* _INPUT DATA_:
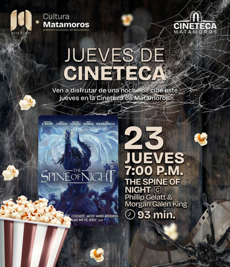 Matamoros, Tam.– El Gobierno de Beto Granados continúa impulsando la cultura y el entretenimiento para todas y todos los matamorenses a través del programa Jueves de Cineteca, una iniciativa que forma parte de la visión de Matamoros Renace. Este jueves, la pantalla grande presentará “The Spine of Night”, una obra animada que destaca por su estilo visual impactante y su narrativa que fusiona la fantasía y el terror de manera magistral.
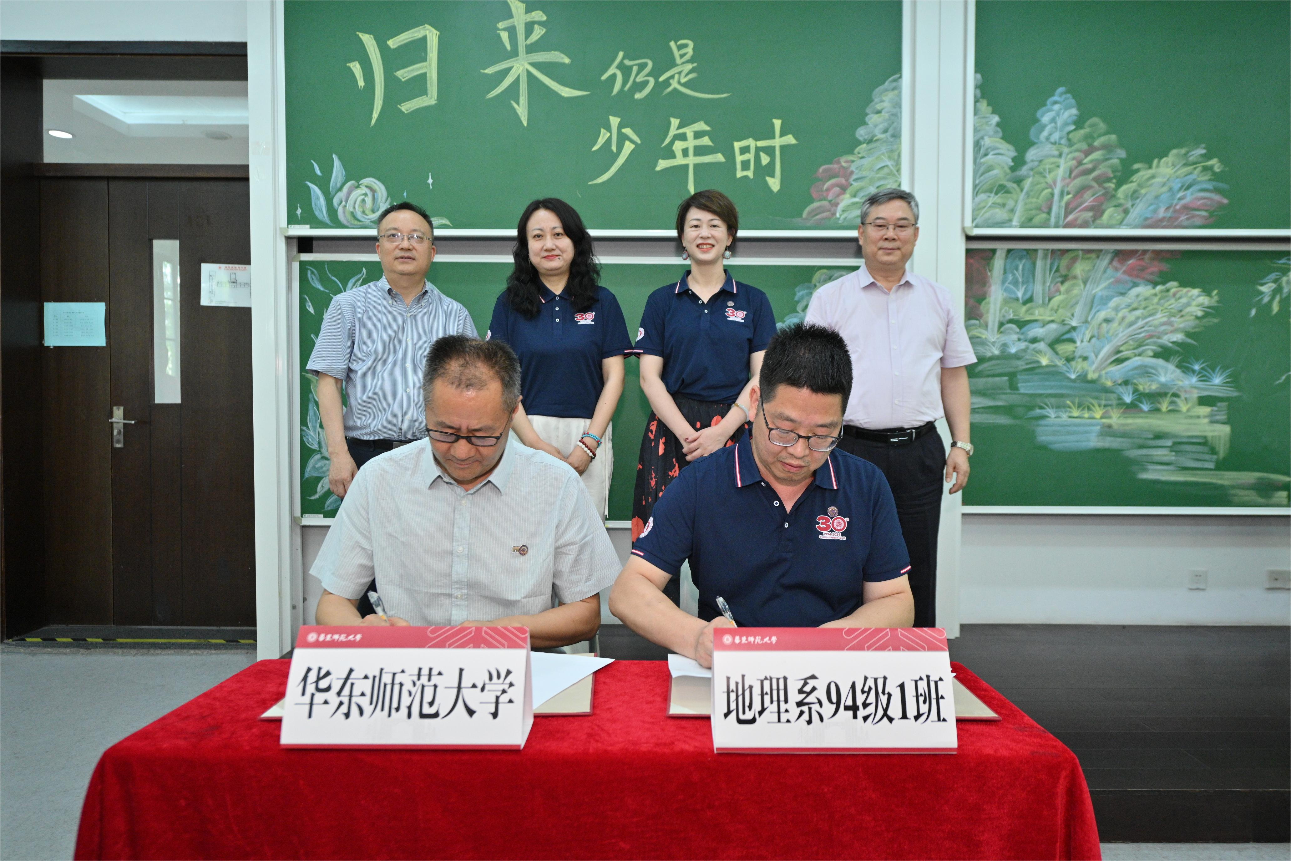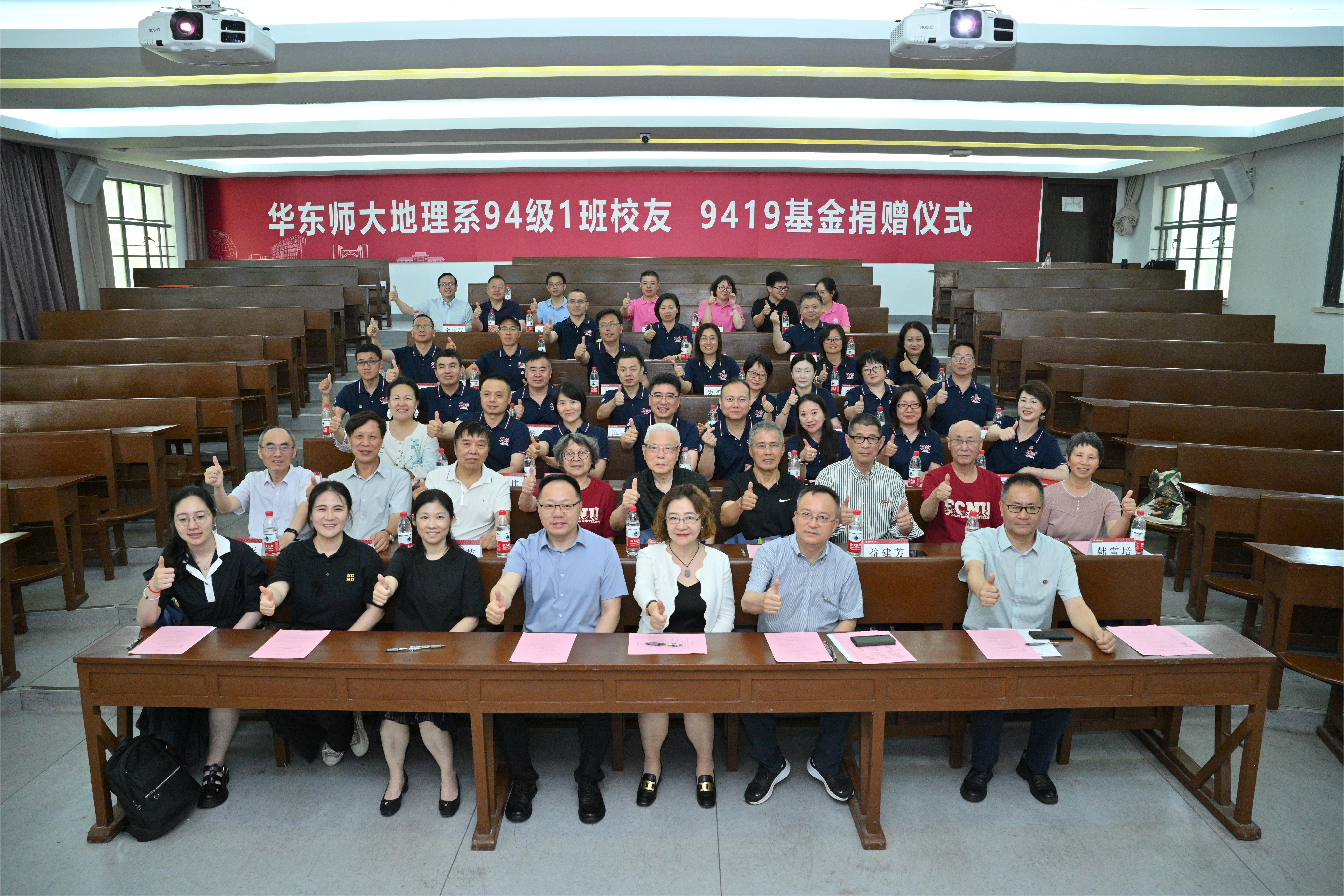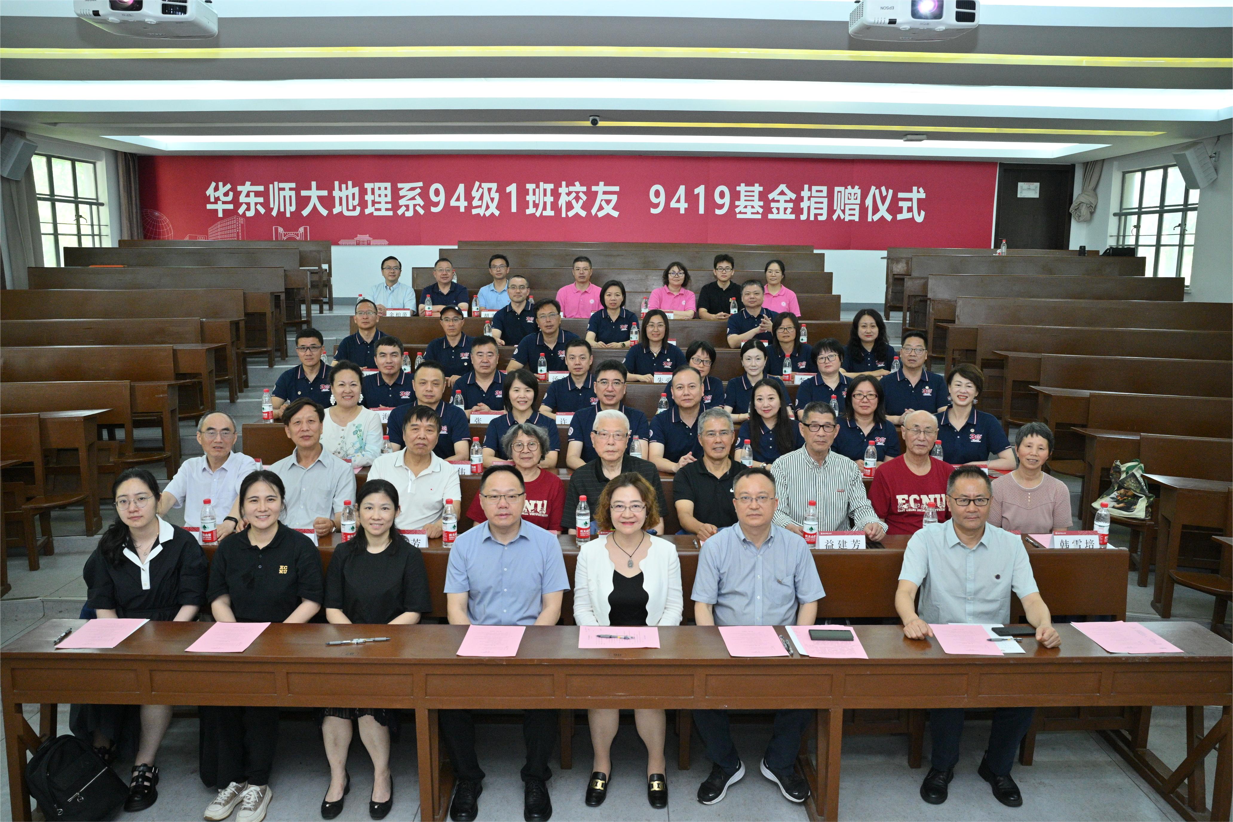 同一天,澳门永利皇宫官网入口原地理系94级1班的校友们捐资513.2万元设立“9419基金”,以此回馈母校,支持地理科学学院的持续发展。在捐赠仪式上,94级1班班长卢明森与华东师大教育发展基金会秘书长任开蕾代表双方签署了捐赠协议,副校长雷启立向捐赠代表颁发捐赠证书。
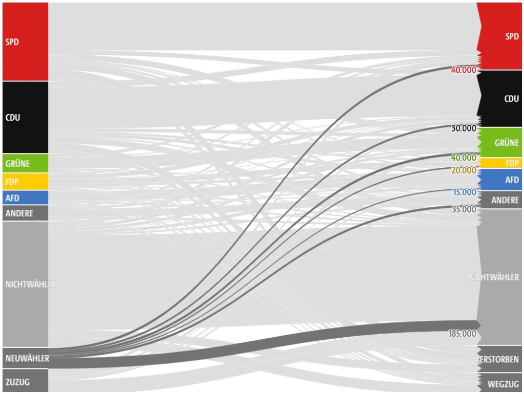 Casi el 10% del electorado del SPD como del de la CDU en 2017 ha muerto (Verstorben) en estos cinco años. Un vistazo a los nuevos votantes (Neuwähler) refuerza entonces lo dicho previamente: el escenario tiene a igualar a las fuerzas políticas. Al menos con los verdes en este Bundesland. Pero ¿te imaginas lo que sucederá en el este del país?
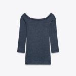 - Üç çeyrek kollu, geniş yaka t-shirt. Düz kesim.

* _PROBLEM REQUIREMENTS_:
Please copy the lines above, starting at the one that holds "Casi el 10%" and stopping after the last line, exactly as they appear and minus the pictures.

* _ANSWER BELOW_:
 Casi el 10% del electorado del SPD como del de la CDU en 2017 ha muerto (Verstorben) en estos cinco años. Un vistazo a los nuevos votantes (Neuwähler) refuerza entonces lo dicho previamente: el escenario tiene a igualar a las fuerzas políticas. Al menos con los verdes en este Bundesland. Pero ¿te imaginas lo que sucederá en el este del país?
 - Üç çeyrek kollu, geniş yaka t-shirt. Düz kesim.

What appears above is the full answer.